Dec 9, 2019Marsha Turner-Shear

Key Verse: John 1:29
Scripture Reading: Matthew 11:1-15

In That's a Great Question, Glenn Pearson writes that some people don’t see Jesus clearly because they view Him through filters. These filters today include agnosticism, atheism, and selective Christian theology, among many more. The problem with filters is that they prevent us from seeing the whole picture or the whole Truth.

When Jesus came to earth as a newborn, the event we celebrate as Christmas, many of the people close to Him saw Him through filters. His earthly father, Joseph at first saw Him through a filter of shame, until God showed him the truth in a dream. 
When Jesus began His ministry, the Pharisees saw Him through a filter of heresy, and even some of those who followed Him saw Him through a filter of the military victory over their oppressors they longed for.

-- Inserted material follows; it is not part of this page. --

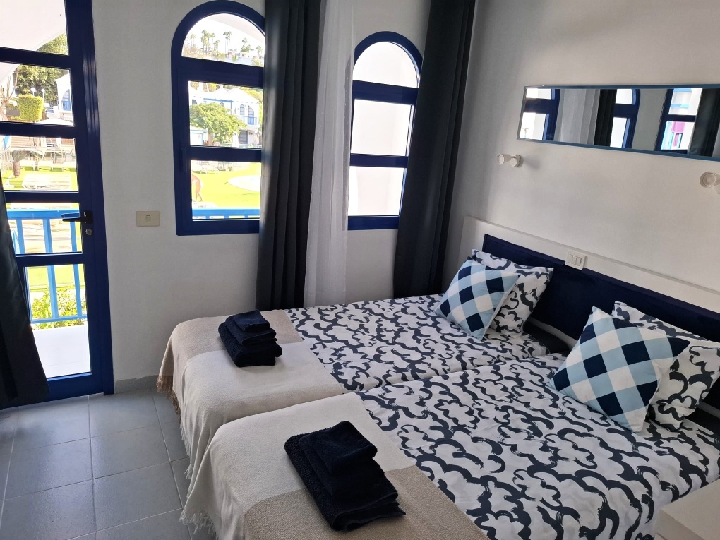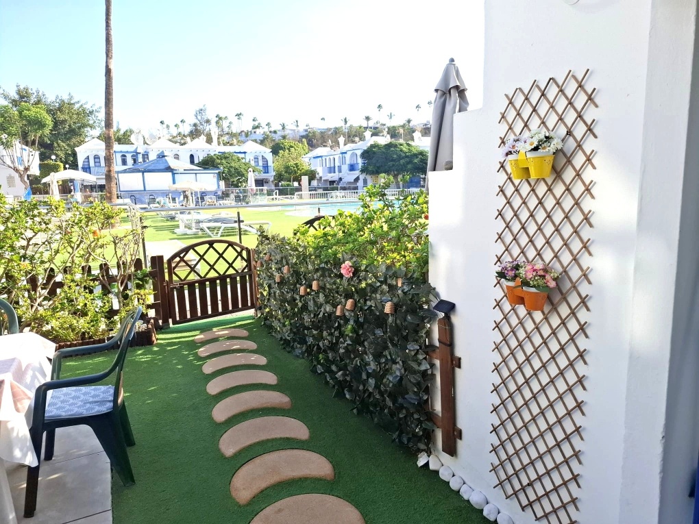 Der Bungalow/Duplex "Casa Romantico" befindet sich in der Anlage "Playmar" in Maspalomas. Das Zentrum von Playa del Ingles erreichen Sie zu Fuss in 10 Minuten.

One person who saw Jesus clearly was John the Baptist. In John 1:29 we read: When John saw Jesus coming toward him, he said, “Behold, the Lamb of God, who takes away the sin of the world!” 
John saw Jesus clearly that day without a filter. But later, when he was in prison, John started to see Jesus through a filter of discouragement and confusion. Jesus wasn’t acting as John and others who had studied the prophets expected. So in Matthew 11, we read that the imprisoned John the Baptist sent his disciples to ask Jesus, “Are you the one who is to come, or should we expect someone else?”

We might expect Jesus to be upset by John’s doubt, but He wasn’t. He simply told John’s disciples, “Go back and report to John what you hear and see: The blind receive sight, the lame walk, … the deaf hear, the dead are raised, and the good news is proclaimed to the poor.”

But there’s more to this story. After John’s disciples left, Jesus praised John—the one who was sitting in prison doubting whether Jesus was really the Christ. Jesus told the crowd, “Truly I tell you, among those born of women there has not risen anyone greater than John the Baptist.”

Many of us today view Jesus and this celebration of His birth through filters of doubt, discouragement, worry, physical illness, and or any number of other filters. And Jesus loves us, just as He loved John, despite those filters. 

But how much fuller our enjoyment of Christmas could be if we could remove all those filters and say with John when he first saw Jesus, “Behold, the Lamb of God, who takes away the sin of the world.”